47+

4.9K 196 4
                                    

Tuncay: Biz evlendik. 

Başak: Hayırlı olsun canım kiminle? Kim o şanssız özne?

İlker: Başak biz diyor. 

Başak: Seninle evlenecek hali yok ya sevgilim. 

Sena yazıyor... 

Sena çevrimiçi... 

Sena: Ne? Ne evlenmesi be? Daha iki gün önce benimle sevgili oldun. Kiminle evleniyorsun Tuncay?

Başak: NEEEEEEEE???? 

Başak: Seninle sevgili oldu ne demek?

Başak: Bir de seninle evlendi mi?

İlker: Atacağın mesaja sokuyum kardeşim. Kızların beyni yandı. 

Tuncay: Ya sakin olun. Kimseyle evlenmedim. Eğer çok kötü bir haber verirsem gerçek haberi verdiğimde tepki daha az olur diye düşündüm. 

Sena: Sevgili olmamız kötü haber mi Tuncay?

Başak: Evet. 

Tuncay: Hayır bebeğim. 

Başak: Akşam annemin restoranına gelin. Hesabınızı orada alacağım. 

Sena: Hayırdır inşallah. Biz niye geliyoruz asıl soru sen niye gidiyorsun?

Başak: Baştuğlar ve Şerenlerin aile yemeği var. Gelince anlatırım. 

Tuncay: Aile yemeğinde bizim ne işimiz var kızım?

Başak: Maalesef aileden sayılıyorsun Tuncay. Gel dediysek gel işte. 

İlker: Başakın teorisine göre ne kadar çok kişi olursa gerginlik o kadar az olacakmış. 

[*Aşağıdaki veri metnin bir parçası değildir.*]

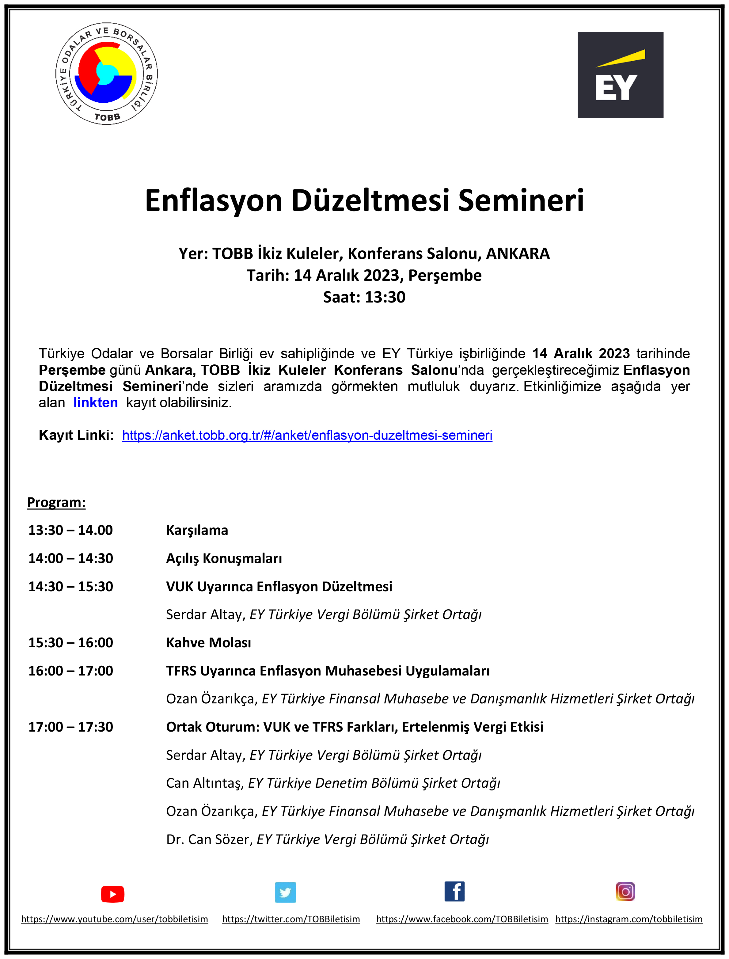 DESCRIPTION:Sayın Üyemiz,\NTürkiye Odalar ve Borsalar Birliği’nin 06.01.2026 tarih ve 191 sayılı yazısına istinaden; \NTicaret Bakanlığı tarafından, Ticaret Müşavir ve Ataşelerimiz ile iş dünyamızı bir araya getirmek üzere "Ticaret Müşavirlerimizle Elektronik Sohbet" toplantıları düzenlenmektedir. İlgi yazı ile Ocak ayında gerçekleştirilecek e-sohbet toplantıları bildirilmekte olup katılım linkleri aşağıda yer almaktadır. \N· Zambiya Pazarına Giriş, 29 Ocak 2026 - 15.00; https://bit.ly/3LpEvt4 \NKonu hakkında bilgilerinizi rica ederiz.\NSaygılarımızla

İlker: Gelin işte uzatmayın. 

Sena: Canım arkadaşımı yaşlı kurtlarla baş başa bırakamam zaten tabii geliyoruz. 

Tuncay yazıyor... 

Sena: Geliyoruz dedik Tuncay sus. 

Tuncay çevrimiçi... 

***

"Bu adam şaka gibi. Senamı da aldı elimden." Telefonu kapatıp orta masanın üzerine attım. "Hayır yani takılıp geçin ne demek sevgili olmak?"

"Sevgilim belki de aşık olmuşlardır." Olabilirdi tabii dinlemeden bilemezdim. Planlarımda hiç Tuncayın eniştem olması olmadığı için şaşkındım sadece. "Eminim ortak bir noktada buluşmuşlardır." 

"Sena üzülmesinde başka bir şey istemiyorum." Uzandığım koltukta, İlkerin işinin bitirmesini bekliyordum. Onun işi bitince akşamki yemeğe gidecektik. Arhan beyle yüz yüze gelmek ne kadar istemesem de benim ailemle aramın ısındığı gibi İlkerin de ailesiyle arasının ısınmasını istiyordum. "Bitmedi mi işin daha?" 

Koltuktan kalkıp masasının yanına adımladım. Kalçamı masaya dayayıp, açık kalan bacağını koluna değmesini sağladım. Kaç kere onu bu masada arzulamıştım. İş yaparken odaklanış İlkeri, çatık kaşlarını, gerilmiş gömleğinin çekiciliğini bir çok kez istekle süzmüştüm. 

"Son taslağı kontrol ediyorum." Kolunu bir bahaneyle çekti. Uzandığı kalemi kullanmadan masaya koydu. Kalçamı tam oturarak masaya koyduğumda dar kısa eteğim daha çok açılmıştı. "Elbisen bu gece için fazla iddialı değil mi sevgilim?"

"Her zaman ki kıyafetlerimden. Beğenmedin mi yoksa?" Alt dudağımı üzülmüş gibi sarkıttığımda yutkunarak kırmızılıklarıma baktı. 

"Bayıldım." Elinde ki işini bırakıp sandalyesini bana çevirdi. "Derdini söyle bakalım." 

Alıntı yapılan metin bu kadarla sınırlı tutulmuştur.